Weeknotes 445
I did:
It’s groundhog day… again
It actually was, that isn’t a metaphor. Although we did talk metaphors, including changing the wheels on the car while we’re driving and steering the ship without speaking to the engine room. Other stuff happened too:
- Ran a skills development workshop with the delivery managers community.
- Finished writing a guide to looking for opportunities, writing hypotheses, and evaluating benefits for product managers.
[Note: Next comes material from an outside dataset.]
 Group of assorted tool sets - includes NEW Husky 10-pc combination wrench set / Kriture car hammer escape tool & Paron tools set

Now over to our coach to use it.
- Learned a bit about the B2B part of the university.
- Wrote three Theories of Change to express my hypotheses for new opportunities.
- Discussed what problems we’re actually trying to solve with coaching, mentoring, training, community-building, etc.
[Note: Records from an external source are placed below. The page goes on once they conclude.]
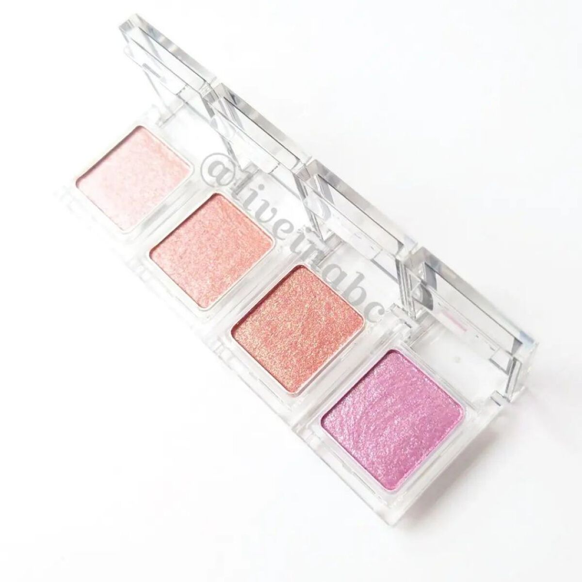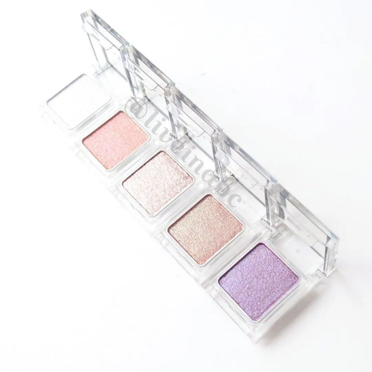 右上のピンクの使い方次第でかなり違ったルックになりますねー。 ディオールの偏光グリーンもスックのピスタチオグリーンも綺麗だなーとは思うんですが…使いこなせない、というよりときめかない!! 韓国コスメの大粒ギラギラ感も大好きですが、デパコスの上品なのにキラッキラなラメを使うと心が満たされます…❤ 明雫は見た目より薄付きのラベンダーに多色ラメ、陽雫はピンクベージュに多色ラメでどちらも露桐に合わせやすいです✨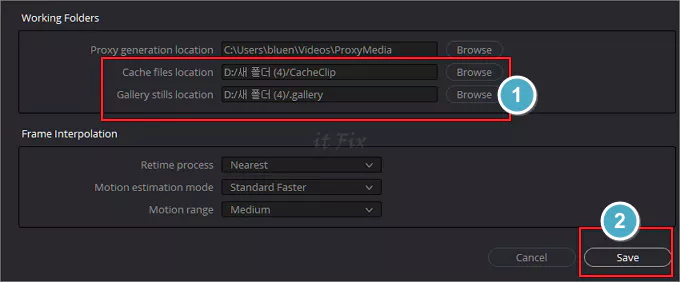 working folders 항목을 찾았다면 Cache files location 항목에서 Browse를 눌러 원하는 경로의 새로운 폴더를 선택해 주고 그 아래의 Gallery stills location에서도 동일하게 변경 작업을 진행해 줍니다.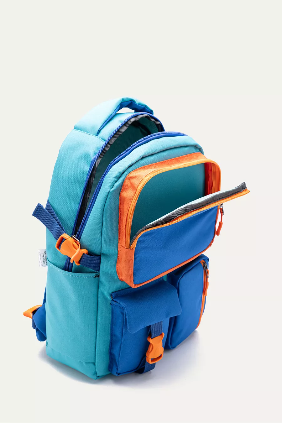 Hkn 3-Piece Set Elementary School Backpack Multi-Compartment Orthopedic Backpack Blue

- Was asked, “Why do you stay?” Answered, “Interesting problems.”
- Chatted about the rogue work I do, the stuff that doesn’t have permission or oversight, the stuff that just tries to make things better but has a high chance of failure (which is most of it, TBF).
The numbers
Minutes in meetings: 705.
Tasks completed: 25.
(Over 4 days as I was on leave one day this week.)
OKRs at the product leaders group
Attended Tom Dolan‘s presentation about how they do OKRs at Which? I think OKRs allow teams to jump over organisational hierarchy and connect directly to strategy, so I find it really interesting to see how different organisations do OKRs, and Tom’s a believer in working in the open so his presentation was really interesting.
I read:
7 D’s
I read Kent J Macdonald post on using his 7 D model to deliver internal products. I used a similar model in my dissertation about the product development processes charities use. Since then I’ve expanded it to: direct, define, discover, due diligence, design, develop, deliver, distribute. I’ve haven’t gotten around to writing it up yet but I don’t think of it as phases, it’s more of a checklist of things to think about.
Agents
I love a good whitepaper. This one goes into how it is a “combination of reasoning, logic, and access to external information that are all connected to a Generative AI model [that] invokes the concept of an agent, or a program that extends beyond the standalone capabilities of a Generative AI model.”
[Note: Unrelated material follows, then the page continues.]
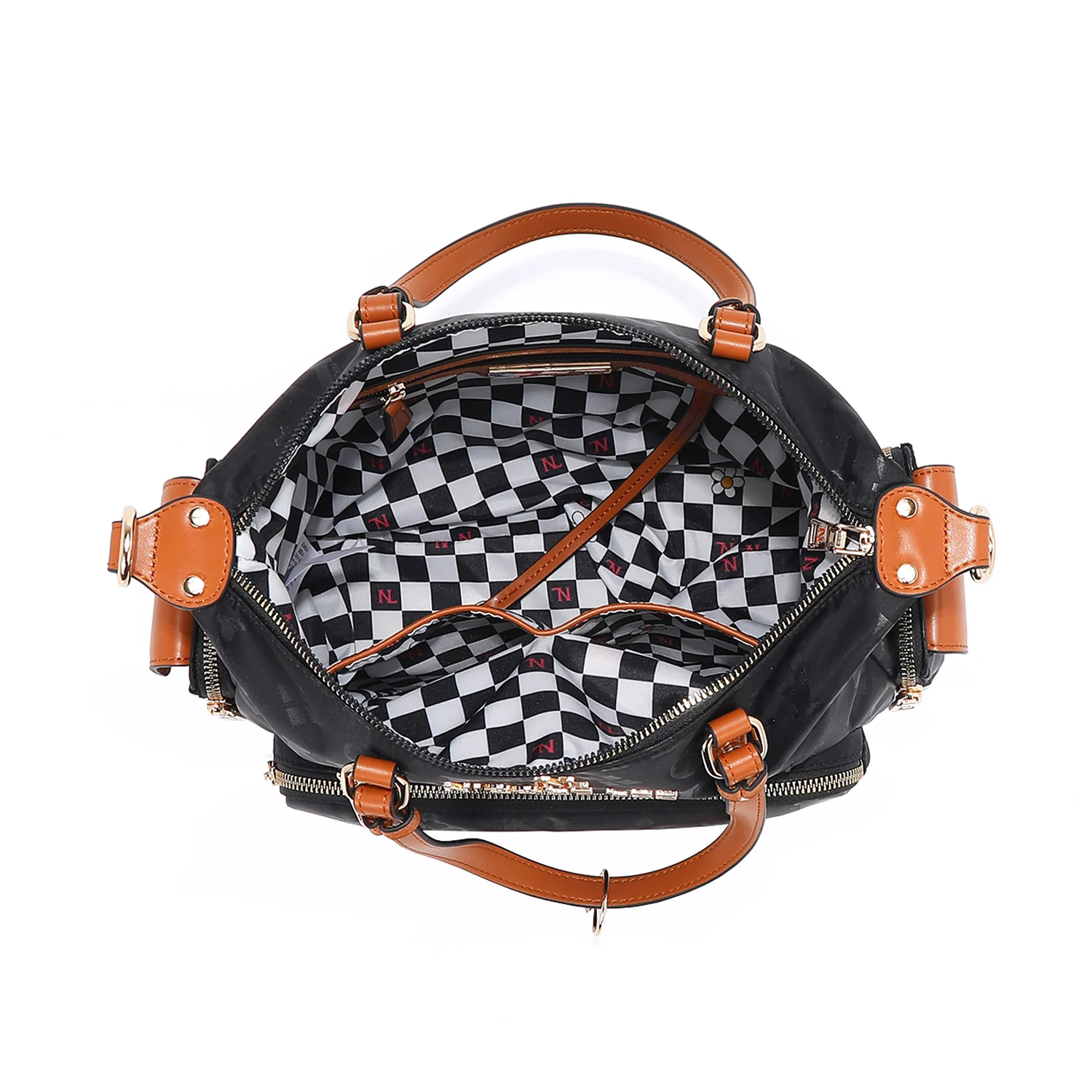 Letra del logotipo en el herraje y tiradores de cremallera grabados

And Steve wrote about how Agentic AI needs UCD smarts.
Can I suggest no one names their agent ‘Smith’, just in case.
Anything can be thought about as a product
But I’m not sure that means anything can be a product (let’s not get into trying to define a product). Using product thinking to uncover worthwhile problems and hypotheses about how to solve them is definitely generally applicable.
Efficiency obsession
The shift from making sure everyone is working hard to maximising the flow of work is part of the transformation (along with the shift from outputs to outcomes, functional teams to cross-functional teams, etc., etc.) My pondering is; who’s job is it? Which role in a team is responsible for focusing on flow?
Love newsletters? You’re gonna love RSS
Andy Bell wrote about using an RSS reader to know when the people you want to read publish their posts and newsletters (which I read in my RSS reader).
Here’s the OPML file of all the newsletters, websites and blogs I’m currently following.
I thought about:
Conflict resolution, and other skills
After a conversation about skills like conflict resolution, I thought about how people might learn such highly technical (by which I mean need lots of expert knowledge), soft skills (by which I mean not easily quantifiable and measurable).
Empowered team leadership
There doesn’t seem to be enough written and talked about for how to lead empowered teams. I think that kind of leadership is rooted in a coaching approach, it that creates and holds space for the team, it doesn’t have the answers but tries to help the team ask the right questions.
Two types of product managers
I remembered a conversation with Michael Wilkinson from a while ago where he said that there are two types of journalists; those that are good at finding stories and whose that are good at writing stories. I was thinking something similar about product managers. Some are good at finding problems, some are good at solving problems.